Почти два года содержались на острове социалисты, окрещенные прочими заключенными «соловецкой аристократией» за то, что не работали, питались не в пример лучше и не боялись лагерного начальства. В конце июня полутысячную партию «аристократов» погрузили на «Глеба Бокия» и в «столыпинских» из Кеми развезли по политизоляторам, о чем подробно повествует Олицкая. По этому поводу «Социалистический Вестник» уже 10 июля 1925 г. дал статью с розовым заголовком «Конец Соловков». В тексте ее прочли: «С ликвидацией Соловецкого концлагеря уходит в прошлое крупная глава из истории большевистского террора, уходит имя — Соловки… Соловки уничтожены — говорит ГПУ — да здравствует Кемь!» Вскоре «Соц. Вестник» понял, то «глава из истории большевистского террора» не только не закончена, а лишь начинается, и в этом терроре социалисты всех оттенков в нескольких политизоляторах и в ссылках оказались каплей в море. К тому же, отправив одних социалистов на материк, большевики навезли туда новых, но уже на положение уголовных. Их не мало работало в лесоустроительной партии летописца Зайцева, а с одним из них — известным анархистом Ломоносовым-Роландом — в 1927 году он отыскивал в лесу и закапывал оттаявшие трупы убитых лесорубов (стр. 130). И это было только начало «Архипелага»!

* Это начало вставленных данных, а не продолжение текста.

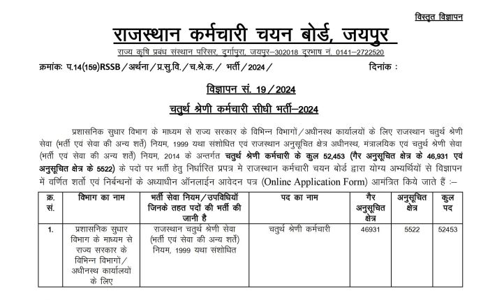 The Rajasthan Staff Selection Board (RSMSSB/RSSB) had earlier announced 52,453 Grade 4 (Group-D) vacancies under Advertisement No. 19/2024, which were later revised and increased to 53,749 vacancies after receiving additional requisitions from departments.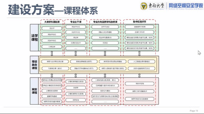 随后,汇报人从培养目标、课程体系、主要课程等方面阐述了项目的建设方案。两院创设性地推出了融合课程,如网络空间安全的法律基础、人工智能法律问题概论、法律大数据研究方法论等,在打好学生通识知识、数理基础的前提下,做到网络空间安全的知识条线和法学知识条线并行进行。

Развозил социалистов ют «замечательный» конвой, который привез Зайцева, но Зайцев не знал о том. Зато более подробно информировал о вывозе политических Клингер (на стр. 194):
«Накануне (в июне 1925 г. М. Р.) — сообщает он — в Соловки прибыла из Москвы особая комиссия в составе коменданта центрального ГПУ Дукиса, следователя Андреевой, представителя Верховного Суда Смирнова и помощника прокурора по делам ГПУ небезызвестного Катаньяна и ряда чинов из высшего военного начальство. Комиссию сопровождал специальный отряд войск ЧОН. Комиссия эта явилась наблюдать за перевозкой политических и партийных с Соловков».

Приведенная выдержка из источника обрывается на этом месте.